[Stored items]

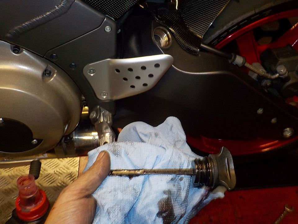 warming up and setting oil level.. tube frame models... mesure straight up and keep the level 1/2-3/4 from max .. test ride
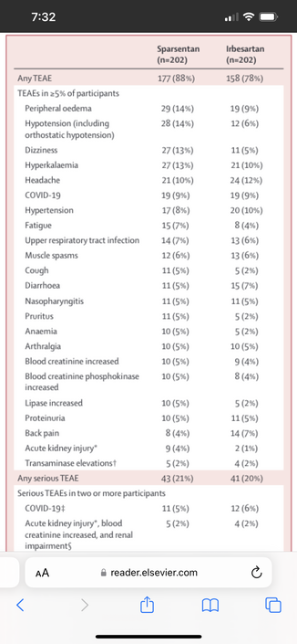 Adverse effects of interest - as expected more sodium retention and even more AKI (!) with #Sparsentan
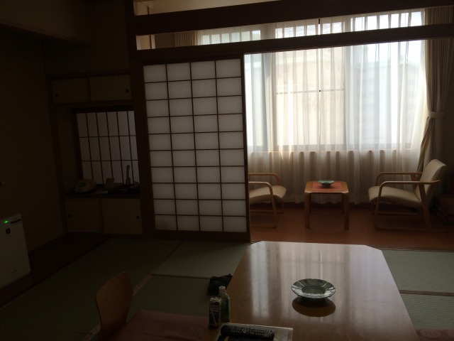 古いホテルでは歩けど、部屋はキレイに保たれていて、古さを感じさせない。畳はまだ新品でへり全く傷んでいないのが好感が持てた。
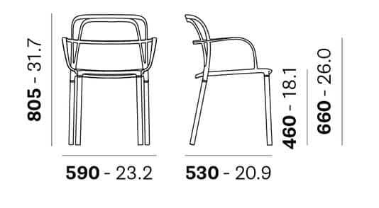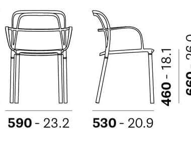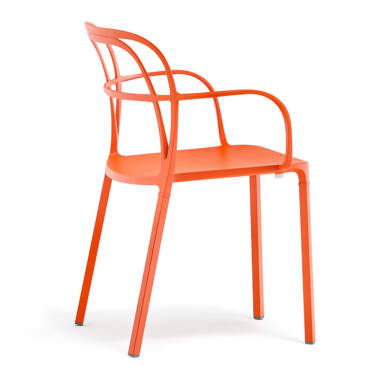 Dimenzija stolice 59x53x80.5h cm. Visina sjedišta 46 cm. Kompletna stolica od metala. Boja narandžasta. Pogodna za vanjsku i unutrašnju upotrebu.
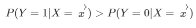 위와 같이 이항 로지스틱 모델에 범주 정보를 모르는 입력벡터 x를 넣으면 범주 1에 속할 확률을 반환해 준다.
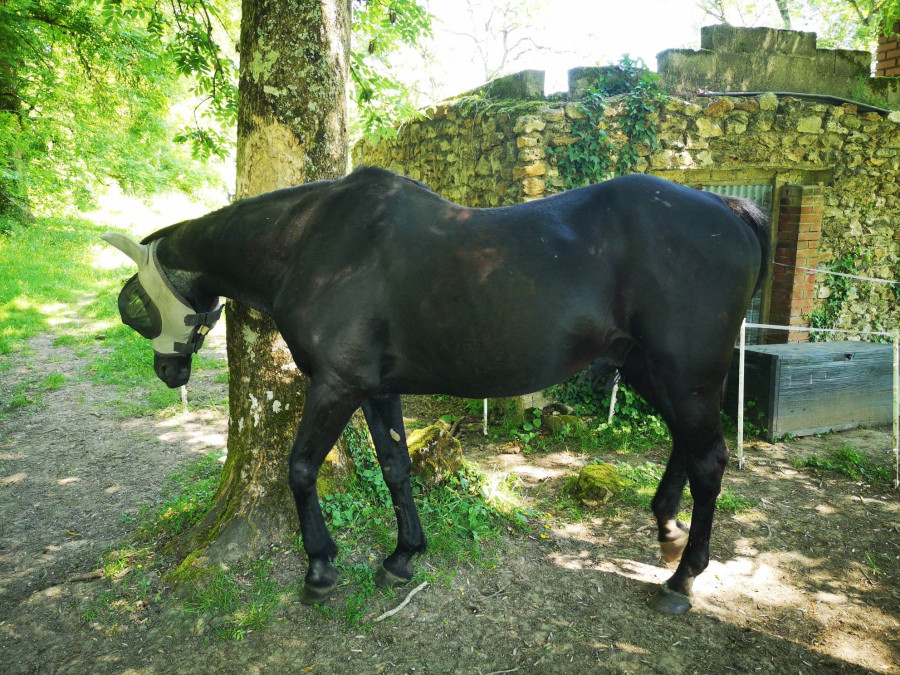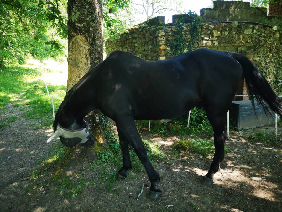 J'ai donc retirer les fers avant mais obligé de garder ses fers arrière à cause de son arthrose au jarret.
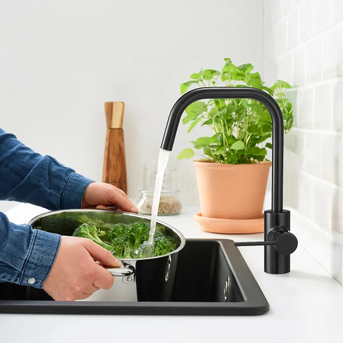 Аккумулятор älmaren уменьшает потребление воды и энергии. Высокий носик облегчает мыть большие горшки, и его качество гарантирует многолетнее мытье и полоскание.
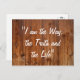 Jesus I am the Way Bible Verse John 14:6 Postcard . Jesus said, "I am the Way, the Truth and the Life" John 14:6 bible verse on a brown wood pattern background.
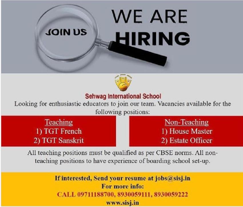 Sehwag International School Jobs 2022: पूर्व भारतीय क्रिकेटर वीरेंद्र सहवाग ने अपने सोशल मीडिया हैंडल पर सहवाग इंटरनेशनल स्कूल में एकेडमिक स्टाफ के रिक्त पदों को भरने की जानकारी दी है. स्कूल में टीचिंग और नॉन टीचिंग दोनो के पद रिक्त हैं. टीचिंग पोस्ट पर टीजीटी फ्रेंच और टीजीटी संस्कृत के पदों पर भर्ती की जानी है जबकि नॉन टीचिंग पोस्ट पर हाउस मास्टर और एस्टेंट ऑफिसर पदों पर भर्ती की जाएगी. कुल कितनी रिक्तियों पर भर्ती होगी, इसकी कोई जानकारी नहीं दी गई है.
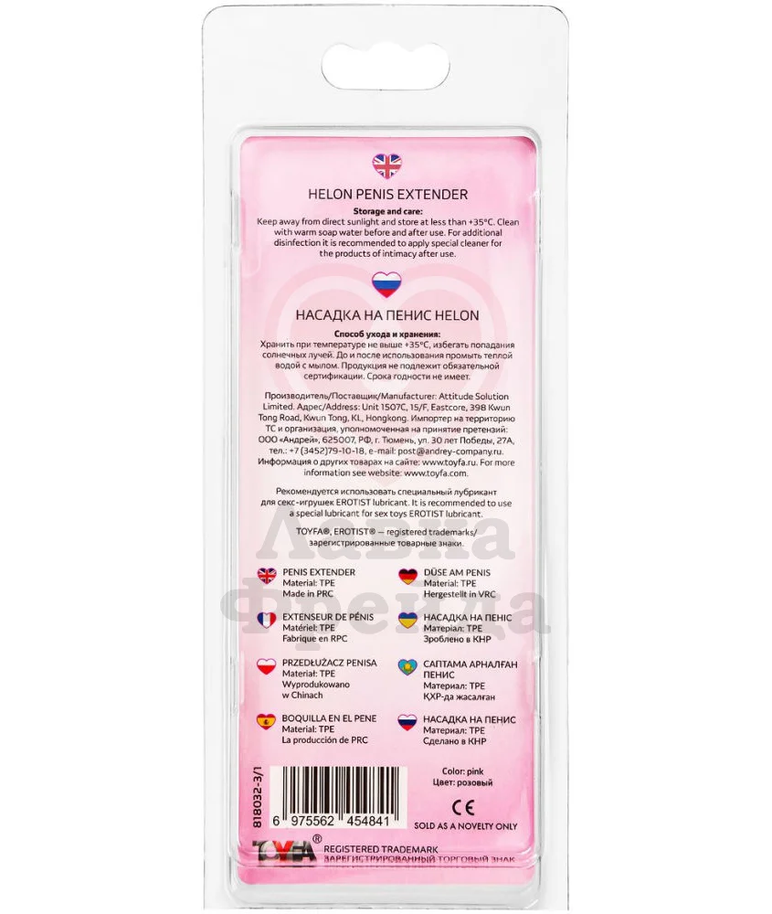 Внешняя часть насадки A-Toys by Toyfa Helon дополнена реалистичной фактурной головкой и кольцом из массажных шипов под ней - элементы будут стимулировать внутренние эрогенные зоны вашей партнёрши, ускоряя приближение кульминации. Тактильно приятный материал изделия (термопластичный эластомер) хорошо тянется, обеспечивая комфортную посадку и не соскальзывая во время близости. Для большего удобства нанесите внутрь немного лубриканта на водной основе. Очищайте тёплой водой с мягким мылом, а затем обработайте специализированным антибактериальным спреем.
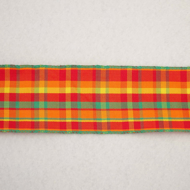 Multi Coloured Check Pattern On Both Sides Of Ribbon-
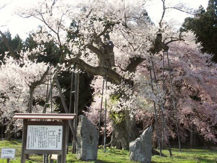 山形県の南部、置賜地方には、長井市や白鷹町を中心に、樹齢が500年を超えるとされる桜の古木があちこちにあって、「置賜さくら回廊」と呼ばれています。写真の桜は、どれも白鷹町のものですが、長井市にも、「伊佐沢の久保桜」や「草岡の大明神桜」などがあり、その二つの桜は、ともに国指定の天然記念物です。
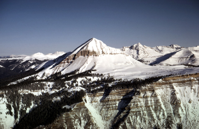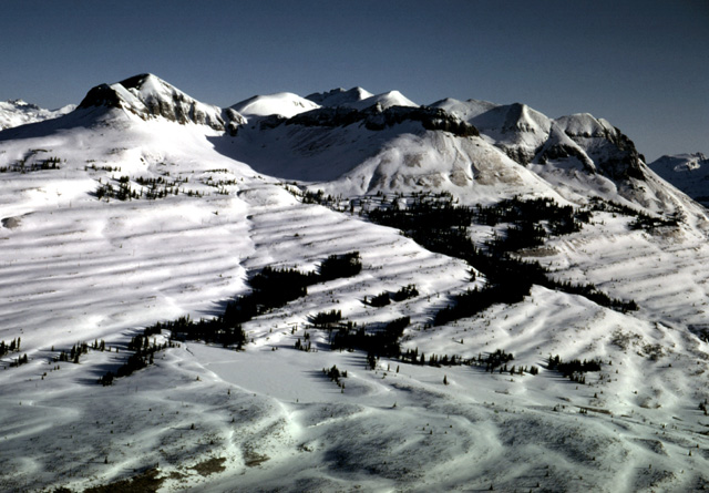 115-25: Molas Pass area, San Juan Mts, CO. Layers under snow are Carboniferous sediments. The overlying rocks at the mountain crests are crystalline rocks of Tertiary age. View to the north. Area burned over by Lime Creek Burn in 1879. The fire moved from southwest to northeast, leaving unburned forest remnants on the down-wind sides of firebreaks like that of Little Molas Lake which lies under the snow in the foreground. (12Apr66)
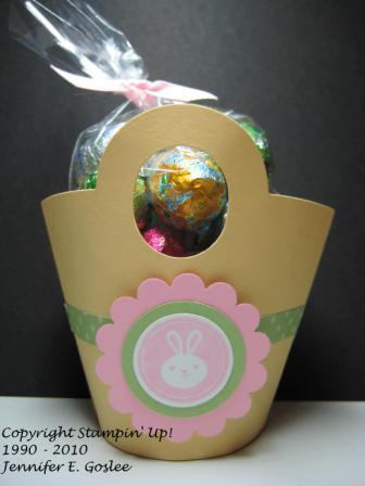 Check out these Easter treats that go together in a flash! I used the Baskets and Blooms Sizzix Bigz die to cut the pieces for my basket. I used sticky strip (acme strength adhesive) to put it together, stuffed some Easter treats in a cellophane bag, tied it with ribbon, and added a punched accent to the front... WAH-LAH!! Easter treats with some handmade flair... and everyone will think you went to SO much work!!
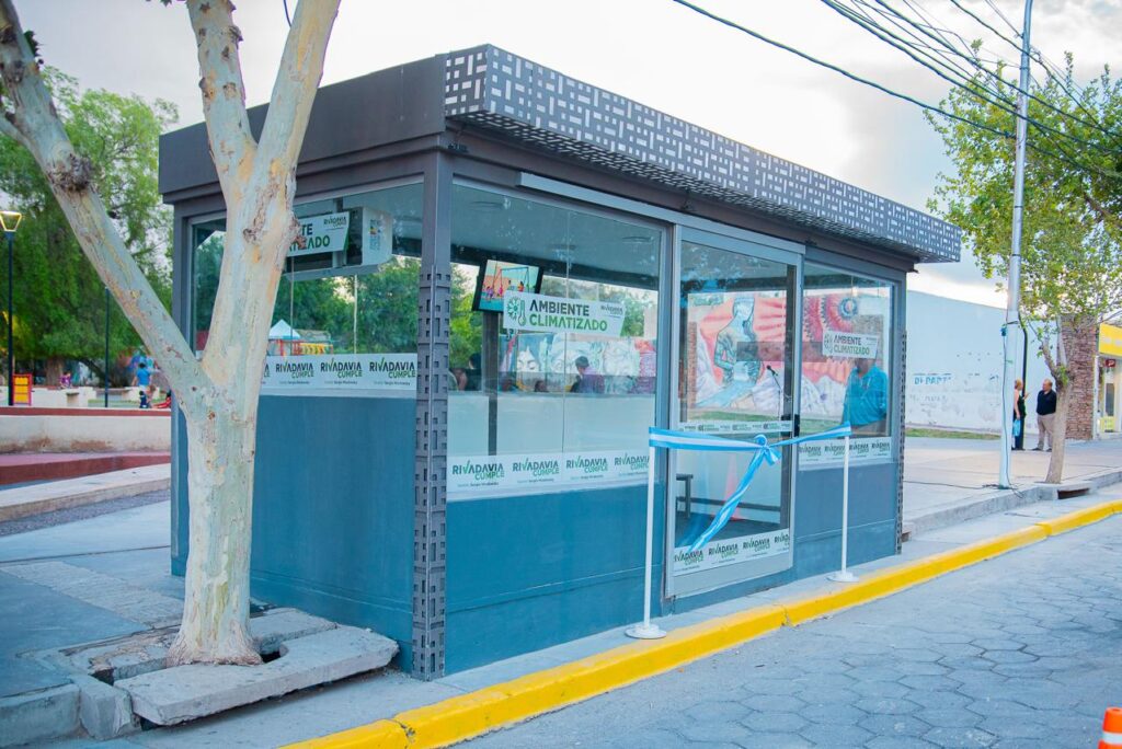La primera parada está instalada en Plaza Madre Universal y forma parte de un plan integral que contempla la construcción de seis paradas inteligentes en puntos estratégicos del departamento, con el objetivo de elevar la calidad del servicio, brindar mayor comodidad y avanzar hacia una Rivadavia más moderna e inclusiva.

#### WHAT YOU NEED TO DO
You need to restate all of the entries above exactly and leave the pictures behind.

#### WRITTEN REPLY
 warming up and setting oil level.. tube frame models... mesure straight up and keep the level 1/2-3/4 from max .. test ride
 Adverse effects of interest - as expected more sodium retention and even more AKI (!) with #Sparsentan
 古いホテルでは歩けど、部屋はキレイに保たれていて、古さを感じさせない。畳はまだ新品でへり全く傷んでいないのが好感が持てた。
 Dimenzija stolice 59x53x80.5h cm. Visina sjedišta 46 cm. Kompletna stolica od metala. Boja narandžasta. Pogodna za vanjsku i unutrašnju upotrebu.
 위와 같이 이항 로지스틱 모델에 범주 정보를 모르는 입력벡터 x를 넣으면 범주 1에 속할 확률을 반환해 준다.
 J'ai donc retirer les fers avant mais obligé de garder ses fers arrière à cause de son arthrose au jarret.
 Аккумулятор älmaren уменьшает потребление воды и энергии. Высокий носик облегчает мыть большие горшки, и его качество гарантирует многолетнее мытье и полоскание.
 Jesus I am the Way Bible Verse John 14:6 Postcard . Jesus said, "I am the Way, the Truth and the Life" John 14:6 bible verse on a brown wood pattern background.
 Sehwag International School Jobs 2022: पूर्व भारतीय क्रिकेटर वीरेंद्र सहवाग ने अपने सोशल मीडिया हैंडल पर सहवाग इंटरनेशनल स्कूल में एकेडमिक स्टाफ के रिक्त पदों को भरने की जानकारी दी है. स्कूल में टीचिंग और नॉन टीचिंग दोनो के पद रिक्त हैं. टीचिंग पोस्ट पर टीजीटी फ्रेंच और टीजीटी संस्कृत के पदों पर भर्ती की जानी है जबकि नॉन टीचिंग पोस्ट पर हाउस मास्टर और एस्टेंट ऑफिसर पदों पर भर्ती की जाएगी. कुल कितनी रिक्तियों पर भर्ती होगी, इसकी कोई जानकारी नहीं दी गई है.
 Внешняя часть насадки A-Toys by Toyfa Helon дополнена реалистичной фактурной головкой и кольцом из массажных шипов под ней - элементы будут стимулировать внутренние эрогенные зоны вашей партнёрши, ускоряя приближение кульминации. Тактильно приятный материал изделия (термопластичный эластомер) хорошо тянется, обеспечивая комфортную посадку и не соскальзывая во время близости. Для большего удобства нанесите внутрь немного лубриканта на водной основе. Очищайте тёплой водой с мягким мылом, а затем обработайте специализированным антибактериальным спреем.
 Multi Coloured Check Pattern On Both Sides Of Ribbon-
 山形県の南部、置賜地方には、長井市や白鷹町を中心に、樹齢が500年を超えるとされる桜の古木があちこちにあって、「置賜さくら回廊」と呼ばれています。写真の桜は、どれも白鷹町のものですが、長井市にも、「伊佐沢の久保桜」や「草岡の大明神桜」などがあり、その二つの桜は、ともに国指定の天然記念物です。
 115-25: Molas Pass area, San Juan Mts, CO. Layers under snow are Carboniferous sediments. The overlying rocks at the mountain crests are crystalline rocks of Tertiary age. View to the north. Area burned over by Lime Creek Burn in 1879. The fire moved from southwest to northeast, leaving unburned forest remnants on the down-wind sides of firebreaks like that of Little Molas Lake which lies under the snow in the foreground. (12Apr66)
 Check out these Easter treats that go together in a flash! I used the Baskets and Blooms Sizzix Bigz die to cut the pieces for my basket. I used sticky strip (acme strength adhesive) to put it together, stuffed some Easter treats in a cellophane bag, tied it with ribbon, and added a punched accent to the front... WAH-LAH!! Easter treats with some handmade flair... and everyone will think you went to SO much work!!
La primera parada está instalada en Plaza Madre Universal y forma parte de un plan integral que contempla la construcción de seis paradas inteligentes en puntos estratégicos del departamento, con el objetivo de elevar la calidad del servicio, brindar mayor comodidad y avanzar hacia una Rivadavia más moderna e inclusiva.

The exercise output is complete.